Material provided »

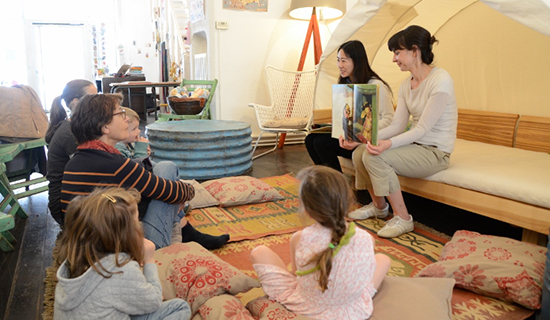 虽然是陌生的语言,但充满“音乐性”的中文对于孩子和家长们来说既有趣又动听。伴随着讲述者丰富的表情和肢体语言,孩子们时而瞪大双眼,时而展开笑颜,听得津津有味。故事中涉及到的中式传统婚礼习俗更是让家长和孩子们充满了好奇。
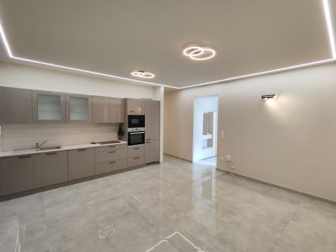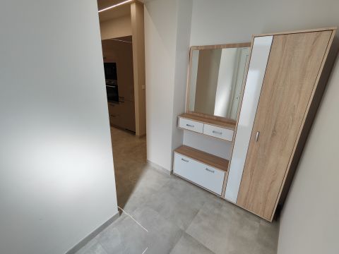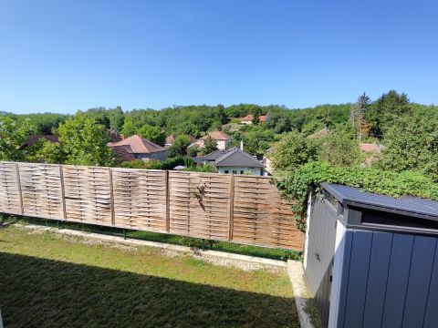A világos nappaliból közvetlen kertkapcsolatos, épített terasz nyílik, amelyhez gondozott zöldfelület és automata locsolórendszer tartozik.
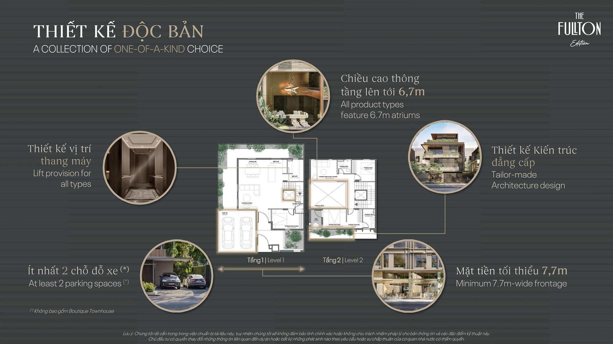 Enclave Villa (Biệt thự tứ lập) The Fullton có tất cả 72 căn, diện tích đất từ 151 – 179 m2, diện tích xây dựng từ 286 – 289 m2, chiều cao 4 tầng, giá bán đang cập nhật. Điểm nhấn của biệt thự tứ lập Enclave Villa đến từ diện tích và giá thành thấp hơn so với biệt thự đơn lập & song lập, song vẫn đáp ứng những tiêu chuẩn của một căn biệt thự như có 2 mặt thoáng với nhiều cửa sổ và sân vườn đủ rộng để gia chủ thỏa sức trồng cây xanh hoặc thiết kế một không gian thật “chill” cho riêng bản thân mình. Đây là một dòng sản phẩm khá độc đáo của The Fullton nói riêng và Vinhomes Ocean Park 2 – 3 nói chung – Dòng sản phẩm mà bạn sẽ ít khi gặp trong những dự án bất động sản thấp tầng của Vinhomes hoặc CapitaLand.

Task to carry out »
Output the data exactly. Pictures don't belong in the result.

Written solution »
 虽然是陌生的语言,但充满“音乐性”的中文对于孩子和家长们来说既有趣又动听。伴随着讲述者丰富的表情和肢体语言,孩子们时而瞪大双眼,时而展开笑颜,听得津津有味。故事中涉及到的中式传统婚礼习俗更是让家长和孩子们充满了好奇。
A világos nappaliból közvetlen kertkapcsolatos, épített terasz nyílik, amelyhez gondozott zöldfelület és automata locsolórendszer tartozik.
 Enclave Villa (Biệt thự tứ lập) The Fullton có tất cả 72 căn, diện tích đất từ 151 – 179 m2, diện tích xây dựng từ 286 – 289 m2, chiều cao 4 tầng, giá bán đang cập nhật. Điểm nhấn của biệt thự tứ lập Enclave Villa đến từ diện tích và giá thành thấp hơn so với biệt thự đơn lập & song lập, song vẫn đáp ứng những tiêu chuẩn của một căn biệt thự như có 2 mặt thoáng với nhiều cửa sổ và sân vườn đủ rộng để gia chủ thỏa sức trồng cây xanh hoặc thiết kế một không gian thật “chill” cho riêng bản thân mình. Đây là một dòng sản phẩm khá độc đáo của The Fullton nói riêng và Vinhomes Ocean Park 2 – 3 nói chung – Dòng sản phẩm mà bạn sẽ ít khi gặp trong những dự án bất động sản thấp tầng của Vinhomes hoặc CapitaLand.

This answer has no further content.